TrickBot evades Windows 10 detection, bypassing User Account Control (UAC) to deliver malware. Lately, the trojan became one of the most advanced vehicles for malware delivery. Thus, it can deliver malware across multiple workstations and endpoints on a network.
UAC is a Windows security feature designed to prevent changes to an operating system by unauthorized users, application or malware. But researchers at Morphisec Labs said that the TrickBot malware is particularly dangerous. That’s because it’s constantly evolving with new functionality to make it even harder to detect its delivery of malware.
“On almost a daily basis, malicious actors reinvent TrickBot and work to find new pathways to deliver the trojan onto user machines,” Morphisec security researcher Arnold Osipov said. “This is what makes TrickBot among the most advanced malware delivery vehicles; the constant evolution of methodologies used for delivery.”
How it works?
According to the report, the WSReset UAC Bypass first checks a system to see if it’s running Windows 7 or Windows 10, Osipov mentioned. In fact, the latter is a condition for the malware to use the WSReset UAC Bypass.
Thus, TrickBot authors take advantage of the WSReset.exe process. This is a Microsoft-signed executable used to reset Windows Store settings, according to its manifest file. And, according to the same researcher, key to the success of TrickBot’s new functionality is that the ‘autoElevate’ property in the process is set to “true” . “This is what allows the WSReset UAC Bypass to be used for privilege escalation,” Osipov wrote.
Then, TrickBot decrypts its strings in order to use the WSReset UAC Bypass, such as the registry path and the command to execute. Next, the trojan uses “reg.exe” in order to add the relevant keys that allow it to utilize the WSReset UAC Bypass. Finally, it executes WSReset.exe, “which will cause TrickBot to run with elevated privileges without a UAC prompt,” Osipov explained.

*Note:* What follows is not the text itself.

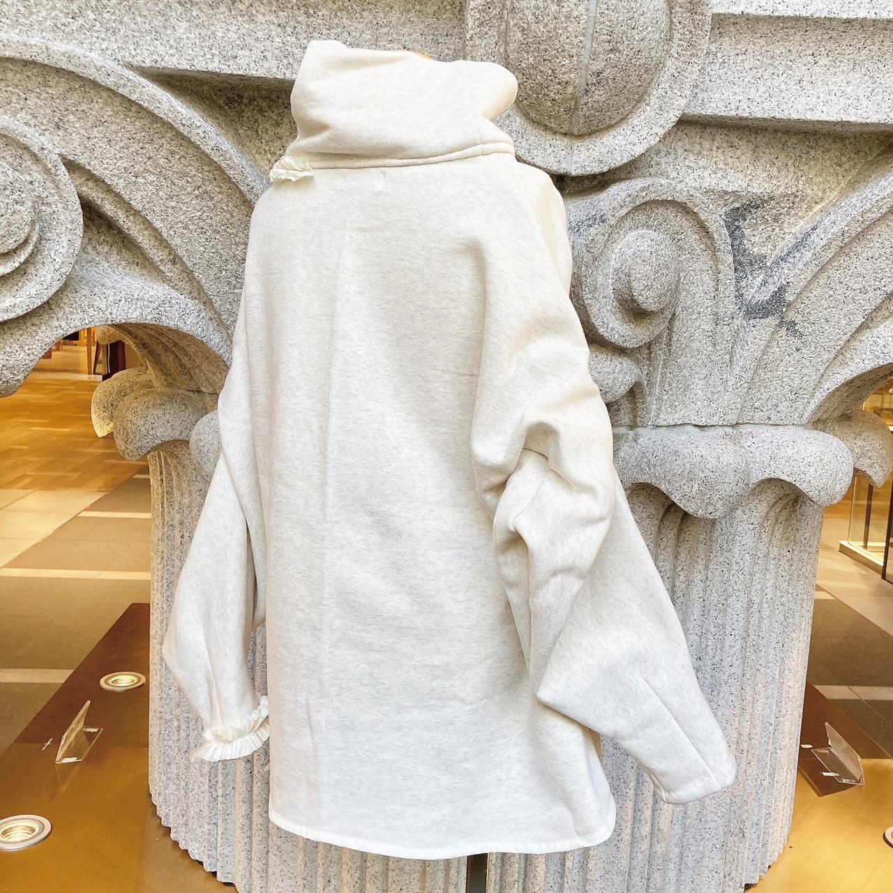 裏起毛仕立てで、寒い季節でも暖かく過ごせる一枚となっています。

“TrickBot does that using ‘ShellExecuteExW’ API. This final executable allows TrickBot to deliver its payload onto workstations and other endpoints,” he wrote.
Evolution of TrickBot
TrickBot appeared in 2016 as a banking malware. But since then, it has developed into an all-purpose, module-based crimeware. This solution specifically targets corporations. Since it’s been active, its creators managed to permanently find new, inventive and elusive ways to deliver malicious payloads.

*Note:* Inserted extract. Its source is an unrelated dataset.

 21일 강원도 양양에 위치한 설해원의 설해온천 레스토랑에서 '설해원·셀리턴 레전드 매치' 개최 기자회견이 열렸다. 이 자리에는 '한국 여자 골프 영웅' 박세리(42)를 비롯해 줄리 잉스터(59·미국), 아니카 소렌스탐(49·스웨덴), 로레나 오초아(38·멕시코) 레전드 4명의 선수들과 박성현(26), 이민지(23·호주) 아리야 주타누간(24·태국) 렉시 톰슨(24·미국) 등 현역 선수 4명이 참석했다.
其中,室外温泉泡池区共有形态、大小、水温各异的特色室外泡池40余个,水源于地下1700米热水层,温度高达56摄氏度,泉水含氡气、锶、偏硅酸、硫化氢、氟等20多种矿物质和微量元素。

In 2019 alone, various versions of TrickBot, including a feature that goes after remote desktop credentials and an update to its password grabber appeared.
Also, last year, researchers found evidence that the crimeware organization behind TrickBot forged an unprecedented union with North Korean APT group Lazarus. So, this was obvious through an all-in-one attack framework developed by TrickBot called Anchor Project.

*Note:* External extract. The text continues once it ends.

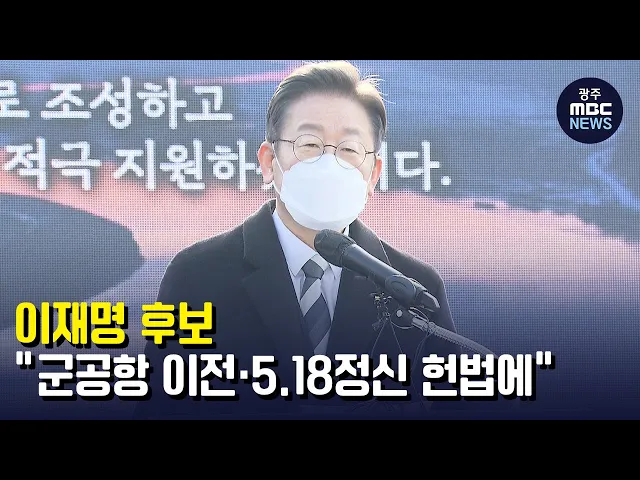 (앵커) 이재명 더불어민주당 대통령 후보가 광주를 찾아 광주 공약을 발표했습니다. 지역 숙원 사업인 군공항 이전 등을 공개적으로 약속했는데요. 경기도 순회 일정까지 바꿔가면서 광주를 찾아 표심을 단속했습니다. 송정근 기자입니다. (기자) 이재명 더불어민주당 대통령 후보가 광주를 찾았습니다. 설 연휴를 코 앞에 ...

So, researchers consider we should be ready for a very difficult 2020, when it comes to TrickBot. Until now, a team from SentinelLabs discovered that bad boys added a hidden backdoor dubbed “PowerTrick” already had been added to TrickBot.
TrickBot evades Windows 10 detection after cybersecurity experts discovered a new version of the Snatch ransomware which reboots infected Windows computers into Safe Mode.